Service mesh provides unparalleled observability into microservices communication without requiring application code changes. After instrumenting production systems with service mesh observability, I’ve learned how to extract maximum value from the metrics, traces, and visualizations these systems provide.
The Observability Promise
Service mesh proxies (like Envoy) sit in the request path and automatically collect:
- Golden Signals: Request rate, error rate, latency, saturation
- Service Topology: Who talks to whom
- Distributed Traces: Request flow across services
- Traffic Patterns: Protocol types, response sizes, retry behavior
All without modifying application code.
Metrics That Matter
Service mesh generates thousands of metrics. Focus on these:
Request Metrics
# Request rate by service
sum(rate(istio_requests_total[5m])) by (destination_service_name)
# Error rate
sum(rate(istio_requests_total{response_code=~"5.."}[5m])) by (destination_service_name)
/
sum(rate(istio_requests_total[5m])) by (destination_service_name)
# Latency percentiles
histogram_quantile(0.99,
sum(rate(istio_request_duration_milliseconds_bucket[5m]))

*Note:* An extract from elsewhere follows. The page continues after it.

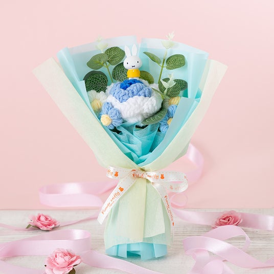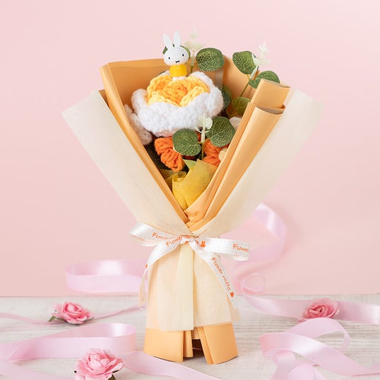 ニット素材のお花とミッフィーのピックのブーケです。ニットならではのあたたかみと、ほっこりとしたかわいらしさを感じられます。

by (destination_service_name, le)
)
Traffic Flow Metrics
# Traffic between specific services
sum(rate(istio_requests_total{
source_workload="frontend",
destination_service_name="api-service"
}[5m]))
# Cross-namespace traffic
sum(rate(istio_requests_total[5m]))
by (source_workload_namespace, destination_service_namespace)
Connection Pool Metrics
# Active connections
envoy_cluster_upstream_cx_active
# Connection failures
rate(envoy_cluster_upstream_cx_connect_fail[5m])
# Connection timeouts
rate(envoy_cluster_upstream_cx_connect_timeout[5m])
Grafana Dashboards
Build comprehensive dashboards:
{
"dashboard": {
"title": "Service Mesh Overview",
"panels": [
{
"title": "Request Rate",
"targets": [{
"expr": "sum(rate(istio_requests_total[5m])) by (destination_service_name)"
}],
"type": "graph"
},
{
"title": "Error Rate by Service",
"targets": [{
"expr": "sum(rate(istio_requests_total{response_code=~\"5..\"}[5m])) by (destination_service_name)"
}],
"type": "graph"
},
{
"title": "P99 Latency",
"targets": [{
"expr": "histogram_quantile(0.99, sum(rate(istio_request_duration_milliseconds_bucket[5m])) by (destination_service_name, le))"
}],
"type": "graph"
},
{
"title": "Success Rate",
"targets": [{
"expr": "sum(rate(istio_requests_total{response_code!~\"5..\"}[5m])) / sum(rate(istio_requests_total[5m]))"
}],
"type": "singlestat"
}
]
}
}
Distributed Tracing
Service mesh enables automatic trace propagation:
# Istio tracing configuration
apiVersion: install.istio.io/v1alpha1
kind: IstioOperator
spec:
meshConfig:
enableTracing: true
defaultConfig:
tracing:
sampling: 1.0 # 100% sampling
zipkin:
address: jaeger-collector.observability:9411
Application only needs to propagate trace headers:
func (h *Handler) ServeHTTP(w http.ResponseWriter, r *http.Request) {
// Extract trace headers
headers := []string{
"x-request-id",
"x-b3-traceid",
"x-b3-spanid",
"x-b3-parentspanid",
"x-b3-sampled",
"x-b3-flags",
}
// Forward to downstream services
req, _ := http.NewRequest("GET", "http://downstream-service", nil)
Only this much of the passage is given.